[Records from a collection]
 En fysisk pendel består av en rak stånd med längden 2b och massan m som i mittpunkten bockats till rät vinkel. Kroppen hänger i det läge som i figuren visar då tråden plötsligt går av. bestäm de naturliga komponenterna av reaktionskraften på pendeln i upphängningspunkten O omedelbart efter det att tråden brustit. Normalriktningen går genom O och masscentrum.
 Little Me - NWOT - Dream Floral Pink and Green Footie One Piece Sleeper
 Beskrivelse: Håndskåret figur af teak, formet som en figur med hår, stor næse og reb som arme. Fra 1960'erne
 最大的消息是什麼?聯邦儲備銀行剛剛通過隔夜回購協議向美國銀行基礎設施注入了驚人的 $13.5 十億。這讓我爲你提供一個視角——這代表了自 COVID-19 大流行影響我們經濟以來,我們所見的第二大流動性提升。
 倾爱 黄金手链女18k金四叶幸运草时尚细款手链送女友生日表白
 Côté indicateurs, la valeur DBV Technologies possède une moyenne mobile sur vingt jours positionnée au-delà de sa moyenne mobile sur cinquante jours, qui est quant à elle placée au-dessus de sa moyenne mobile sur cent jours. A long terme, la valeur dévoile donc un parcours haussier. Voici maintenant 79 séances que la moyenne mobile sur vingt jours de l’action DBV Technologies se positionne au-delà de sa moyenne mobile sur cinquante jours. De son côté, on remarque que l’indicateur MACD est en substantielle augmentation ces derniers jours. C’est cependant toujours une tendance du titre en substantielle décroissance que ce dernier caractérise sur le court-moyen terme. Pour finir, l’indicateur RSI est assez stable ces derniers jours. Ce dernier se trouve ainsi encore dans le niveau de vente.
---
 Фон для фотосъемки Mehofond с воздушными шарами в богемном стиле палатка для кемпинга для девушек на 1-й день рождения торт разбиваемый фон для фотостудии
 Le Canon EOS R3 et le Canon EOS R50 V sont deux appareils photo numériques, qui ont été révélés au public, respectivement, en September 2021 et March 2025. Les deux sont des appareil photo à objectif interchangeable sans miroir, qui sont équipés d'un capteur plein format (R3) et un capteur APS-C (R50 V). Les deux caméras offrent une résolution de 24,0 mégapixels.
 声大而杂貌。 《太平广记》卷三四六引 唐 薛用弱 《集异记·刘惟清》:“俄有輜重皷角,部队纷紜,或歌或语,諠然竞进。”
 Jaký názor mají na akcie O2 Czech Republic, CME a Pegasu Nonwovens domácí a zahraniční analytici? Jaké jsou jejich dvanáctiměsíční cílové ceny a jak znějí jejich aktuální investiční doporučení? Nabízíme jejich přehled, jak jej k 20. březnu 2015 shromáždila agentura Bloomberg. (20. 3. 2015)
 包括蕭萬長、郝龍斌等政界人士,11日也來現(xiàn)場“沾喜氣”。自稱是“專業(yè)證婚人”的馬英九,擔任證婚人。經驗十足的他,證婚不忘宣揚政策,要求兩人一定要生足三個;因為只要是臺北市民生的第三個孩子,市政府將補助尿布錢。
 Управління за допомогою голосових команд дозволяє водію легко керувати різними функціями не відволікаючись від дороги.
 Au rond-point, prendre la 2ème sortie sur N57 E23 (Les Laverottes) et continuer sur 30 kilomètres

Work to be completed
Above are the records; from them, give again exactly the lines from the one containing "声大而杂貌。 《太平广记》卷三四六引 唐" to the one containing "Jaký názor mají", both lines included, and nothing more.

Output of the exercise
 声大而杂貌。 《太平广记》卷三四六引 唐 薛用弱 《集异记·刘惟清》:“俄有輜重皷角,部队纷紜,或歌或语,諠然竞进。”
 Jaký názor mají na akcie O2 Czech Republic, CME a Pegasu Nonwovens domácí a zahraniční analytici? Jaké jsou jejich dvanáctiměsíční cílové ceny a jak znějí jejich aktuální investiční doporučení? Nabízíme jejich přehled, jak jej k 20. březnu 2015 shromáždila agentura Bloomberg. (20. 3. 2015)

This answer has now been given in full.